3D reconstruction of interactions between people and scenes from videos or images usually generates visually plausible but physically unstable results. This gap between perception and simulation prevents its use in physics engines and embodied AI applications. We present HSImul3R, a unified framework that closes this gap through bidirectional optimization with active supervision from the physical simulator, producing simulation-ready reconstructions transferable to real humanoid robots. 🚀
Bidirectional Optimization with Physical Simulator Supervision ⚙️
HSImul3R integrates the physical simulator as an active supervisor in a two-way pipeline. In the forward direction, a scene-directed Reinforcement Learning optimizes human dynamics under dual supervision: fidelity to the captured motion and stability of contacts with objects. In the inverse direction, Simulation Reward Direct Optimization uses simulator feedback on gravitational stability and interaction success to refine the scene geometry. This joint cycle ensures that both the human avatar and objects comply with physical laws.
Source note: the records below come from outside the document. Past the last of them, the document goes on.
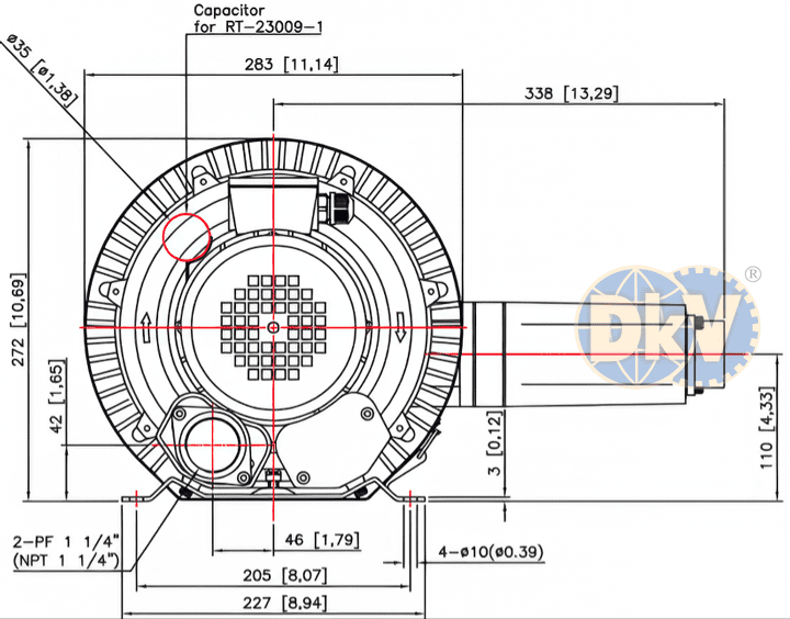 Cổ hút và cổ xả của máy thổi khí con sò Hae Sung HB II-2308S đều có ren size tiêu chuẩn NPT1-1/4", thuận tiện khi kết nối với đường ống hoặc các phụ kiện (lọc gió đầu vào, ống giảm thanh, valve chỉnh áp....). Dưới đáy chân đế của máy thổi khí con sò Hae Sung HB II-2308S có 4 lỗ khoan Ø 10 mm, thuận tiện khi gá đặt.
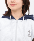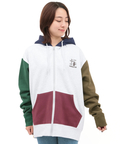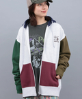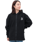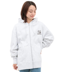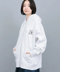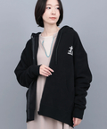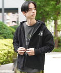 ざっくり羽織れるゆったりサイズのジップアップタイプで、ユニセックスに着られる一枚。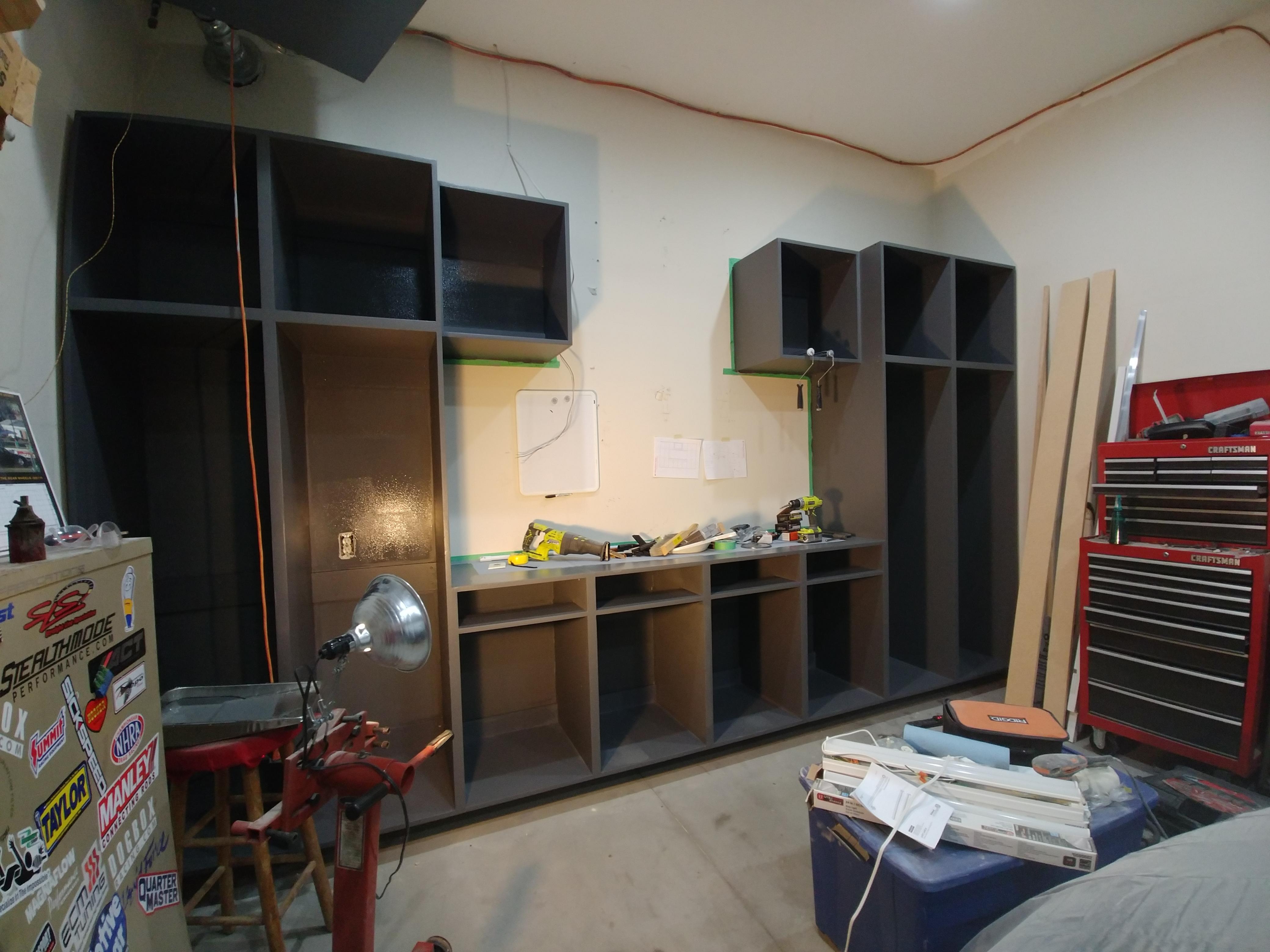 Painting on the casings is complete. Went with a dark grey semi-gloss. Pretty happy with it. Now to start adding shelves.

A Crucial Advance for Robotics and the Metaverse 🤖
This work goes beyond mere visualization, endowing digital humanoids with an essential physical foundation. By producing stable and simulable reconstructions, it enables training AI agents in realistic environments and transferring behaviors directly to physical robots. It is a key step for developing metaverse avatars that interact with physical coherence and for accelerating humanoid robot learning in complex real-world tasks.
How to ensure physical stability and biomechanical coherence in the 3D reconstruction of digital humanoids from video, avoiding artifacts like sinking into the floor or penetrations between bodies and objects?
(P.S.: Digital humanoids have the advantage that they never complain about the rigging.)